### Task goal
Only the pictures are to be dropped; the rest of the data below is to be duplicated exactly.

### Data excerpt
◆ ◆ ◆ ◆

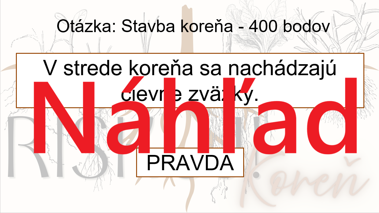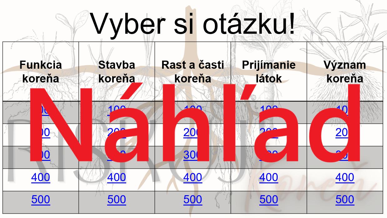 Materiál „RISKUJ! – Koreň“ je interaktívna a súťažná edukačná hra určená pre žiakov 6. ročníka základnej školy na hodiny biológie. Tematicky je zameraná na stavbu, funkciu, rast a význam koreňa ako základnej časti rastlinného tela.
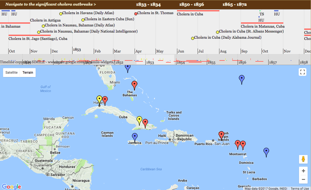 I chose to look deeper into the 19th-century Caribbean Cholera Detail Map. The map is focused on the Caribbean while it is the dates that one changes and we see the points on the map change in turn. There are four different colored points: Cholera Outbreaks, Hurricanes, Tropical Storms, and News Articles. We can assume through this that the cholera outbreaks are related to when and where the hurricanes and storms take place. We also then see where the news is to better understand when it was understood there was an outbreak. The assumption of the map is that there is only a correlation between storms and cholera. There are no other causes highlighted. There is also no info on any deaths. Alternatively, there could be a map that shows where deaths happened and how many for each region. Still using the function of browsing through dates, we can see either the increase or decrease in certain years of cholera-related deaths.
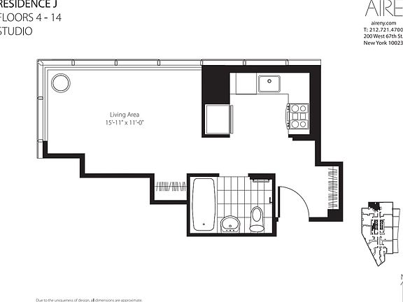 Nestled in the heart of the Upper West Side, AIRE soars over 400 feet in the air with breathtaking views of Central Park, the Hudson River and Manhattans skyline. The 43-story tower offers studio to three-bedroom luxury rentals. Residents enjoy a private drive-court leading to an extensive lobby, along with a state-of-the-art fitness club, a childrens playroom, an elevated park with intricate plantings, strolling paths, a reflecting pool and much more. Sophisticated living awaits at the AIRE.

◆ ◆ ◆ ◆

### Reply to the exercise
 Materiál „RISKUJ! – Koreň“ je interaktívna a súťažná edukačná hra určená pre žiakov 6. ročníka základnej školy na hodiny biológie. Tematicky je zameraná na stavbu, funkciu, rast a význam koreňa ako základnej časti rastlinného tela.
 I chose to look deeper into the 19th-century Caribbean Cholera Detail Map. The map is focused on the Caribbean while it is the dates that one changes and we see the points on the map change in turn. There are four different colored points: Cholera Outbreaks, Hurricanes, Tropical Storms, and News Articles. We can assume through this that the cholera outbreaks are related to when and where the hurricanes and storms take place. We also then see where the news is to better understand when it was understood there was an outbreak. The assumption of the map is that there is only a correlation between storms and cholera. There are no other causes highlighted. There is also no info on any deaths. Alternatively, there could be a map that shows where deaths happened and how many for each region. Still using the function of browsing through dates, we can see either the increase or decrease in certain years of cholera-related deaths.
 Nestled in the heart of the Upper West Side, AIRE soars over 400 feet in the air with breathtaking views of Central Park, the Hudson River and Manhattans skyline. The 43-story tower offers studio to three-bedroom luxury rentals. Residents enjoy a private drive-court leading to an extensive lobby, along with a state-of-the-art fitness club, a childrens playroom, an elevated park with intricate plantings, strolling paths, a reflecting pool and much more. Sophisticated living awaits at the AIRE.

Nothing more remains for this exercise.